_weighted_percentile does not lead to the same result than np.median

[glemaitre]

While reviewing a test in #16937, it appears that our implementation of _weighted_percentile with unit sample_weight will lead to a different result than np.median which is a bit problematic for consistency.

In the gradient-boosting, it brakes the loss equivalence because the initial predictions are different. We could bypass this issue by always computing the median using _weighted_percentile there.

import pytest
import numpy as np
from sklearn.utils.stats import _weighted_percentile

rng = np.random.RandomState(42)
X = rng.randn(10)
X.sort()
sample_weight = np.ones(X.shape)

median_numpy = np.median(X)
median_numpy_percentile = np.percentile(X, 50)
median_sklearn = _weighted_percentile(X, sample_weight, percentile=50.0)

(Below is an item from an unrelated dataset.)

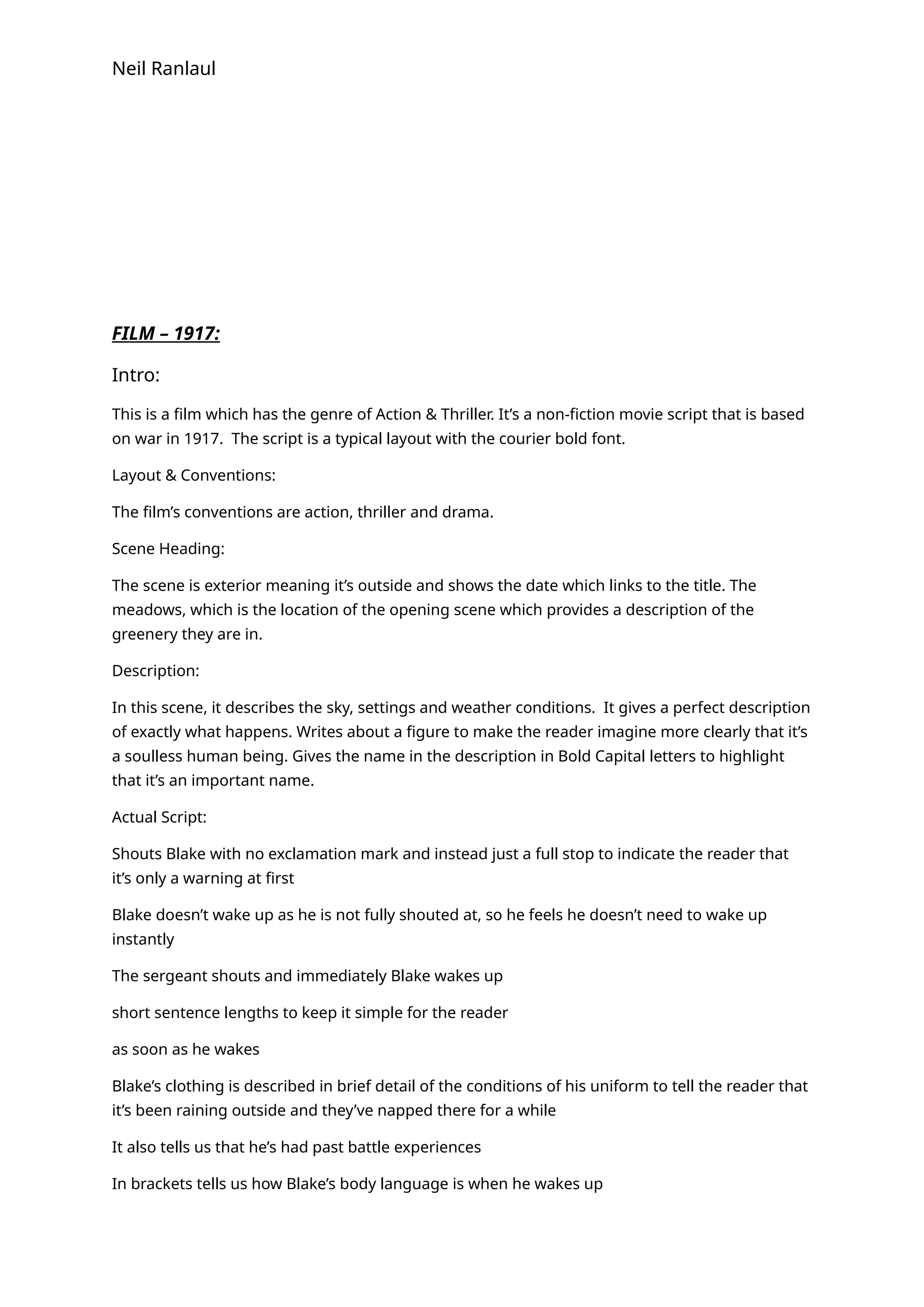 The script is then continued after Blake responds to his Sergeant to indicate that he is still

assert median_numpy == pytest.approx(np.mean(X[[4, 5]]))
assert median_sklearn == pytest.approx(X[4])
assert median_numpy == median_numpy_percentile
assert median_sklearn == pytest.approx(median_numpy)

[glemaitre]

ping @lucyleeow Since you already look at the code, you might have some intuition why this is the case. We should actually have the above test as a regression test for our _weighted_percentile

[glemaitre]

Does numpy interpolating while we just making a np.searchsorted?

[glemaitre]

yes numpy take np.mean(x, x+1) while we take x.

[glemaitre]

np.percentile is consistent with np.median

[glemaitre]

pinging @NicolasHug @adrinjalali @ogrisel Making thing consistent will impact the HistGradientBoosting* with the LAD loss.

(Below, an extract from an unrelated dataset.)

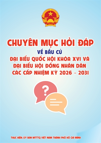 Nhằm chuẩn bị cho công tác tuyên truyền bầu cử đại biểu Quốc hội (ĐBQH) khóa XVI, đại biểu Hội đồng nhân dân (HĐND) các cấp, nhiệm kỳ 2026 - 2031. Được sự cho phép của Ban Thường trực Ủy ban MTTQ Việt Nam TP.HCM. Trang tin điện tử Ủy ban MTTQ Việt Nam TP.HCM trân trọng giới thiệu Chuyên mục "Hỏi và đáp" về bầu cử ĐBQH và đại biểu HĐND các cấp, nhiệm kỳ 2026 - 2031 dưới dạng sách điện tử.

Would be interesting to make the change and see which tests are breaking.

[lucyleeow]

For np.median, if n is odd, the median is the middle value (after sorting) and if n is odd it is the average of the 2 middle values.

We take 'lower' percentile, as we use the default parameter np.searchsorted(side='left'). Thus when n is even, _weighted_percentile is not the same as np.median for unit weights. It is the same when n is odd.

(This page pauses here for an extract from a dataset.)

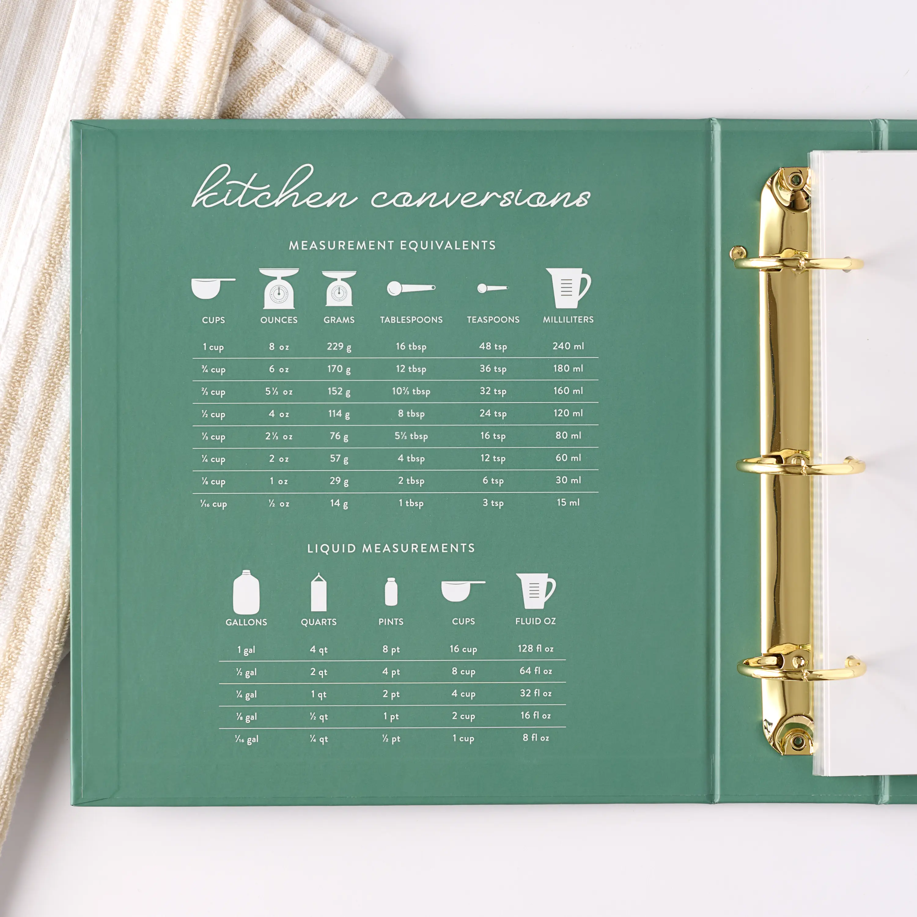 Elevate your cooking with this green PPP recipe binder! Perfect for organizing PPP menu plans or family favorites, it ensures recipes are passed down through generations. Choose from various colors and patterns to match your decor. Each design includes "Happiness is homemade" in gold foil and a kitchen conversion chart inside.

We could amend _weighted_percentile to use interpolated median, described well here: #6217 (comment) (I have an implementation of this already, as I didn't realise _weighted_percentile existed). This implementation means that np.median always gives the same result with unit weights.

In the end, I think the difference between 'lower' weighted percentile and interpolated weighted percentile would generally be small for large n sizes. Though, I guess the difference between the '2 middle values' would also affect the how different they are.

[lucyleeow]

For np.percentile, you can select how it is calculated with parameter:

interpolation{‘linear’, ‘lower’, ‘higher’, ‘midpoint’, ‘nearest’}

default is 'linear', thus performs the same as np.median

[glemaitre]

I think that our _weighted_precentile should offer the same default and maybe an interpolation parameter if required.

[lucyleeow]

linear = linear interpolation.

[lorentzenchr]

Our _weighted_precentile implements method inverted_cdf. It is important to note that quantiles are interval valued quantities. Out of that interval, one is free to choose any value. On top of that, different sample estimations exist. So we are well within statistical uncertainty.

np.median says

Given a vector V of length N, the median of V is the middle value of a sorted copy of V, V_sorted - i e., V_sorted[(N-1)/2], when N is odd, and the average of the two middle values of V_sorted when N is even.

I do not know how to generalize this to account for sample weights. Therefore closing.